Section: New Results

Evaluation and Design of Collaborative Editing Algorithms

Participants : Mehdi Ahmed-Nacer, Luc André, Claudia-Lavinia Ignat, Stéphane Martin, Gérald Oster, Pascal Urso.

Since the Web 2.0 era, the Internet is a huge content editing place in which users contribute to the content they browse. Users do not just edit the content but they collaborate on this content. Such shared content can be edited by thousands of people. However, current consistency maintenance algorithms seem not to be adapted to massive collaborative updating involving large amount of contributors and a high velocity of changes. This year we continued our work on the evaluation of existing collaborative editing approaches and on the design of new algorithms that overcome limitations of state of the art ones. Moreover, we started to work on experimental user studies for understanding the real-time requirements for collaborative editing and grounding a theory for the effect of real-time constraints in collaborative work [26] .

We also run experiments to compare the merge automatically obtained by collaborative editing algorithms – CRDTs, OTs and the world-wide used diff3 – to the merge validated by the user. We obtain automatically such results exploiting the massively available distributed version control systems histories of open-source software. We use these results to improve an existing collaborative editing algorithm and obtain result statistically better than the existing ones (including diff3 used in major DVCS systems) [9] .
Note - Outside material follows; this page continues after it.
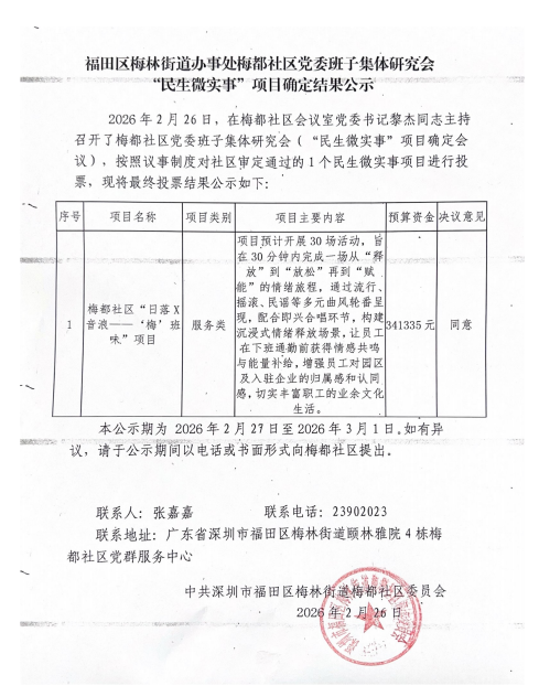 项目公示|福田区梅林街道梅都社区党委班子集体研究会“民生微实事”项目确定结果公示

In existing collaborative editing algorithms shared data is usually fragmented into fixed granularity atomic elements that can only be added or removed. Coarse-grained data leads to the possibility of conflicting updates while fine-grained data requires more metadata. In [11] we offer a solution for handling an adaptable granularity for shared data that overcomes the limitations of fixed-grained data approaches. Our solution relies on a novel commutative replicated data type (CRDT) for sequences of text that assigns unique identifiers to substrings of variable length contrary to existing CRDTs that assign unique identifiers to fixed size elements of the text (i.e. characters or lines). This offers the possibility to define coarse grained elements when they are created and refine them when needed. This greatly reduces the memory consumption since a smaller memory overhead is needed to store metadata (identifiers). Moreover, we show using simulations that overall performances of our algorithms are superior to existing ones.

We proposed a new concurrency control algorithm, based on conflict-free data types. It is built on the ideas previously developed for synchronous collaboration, extending them to support asynchronous collaboration. Our solution also includes the necessary information for providing comprehensive awareness information to users. The evaluation of our algorithm shows that comparing our solution with traditional solutions in collaborative editing, the conflict resolution strategy proposed in this paper leads to results closer to the ones expected by users [10] .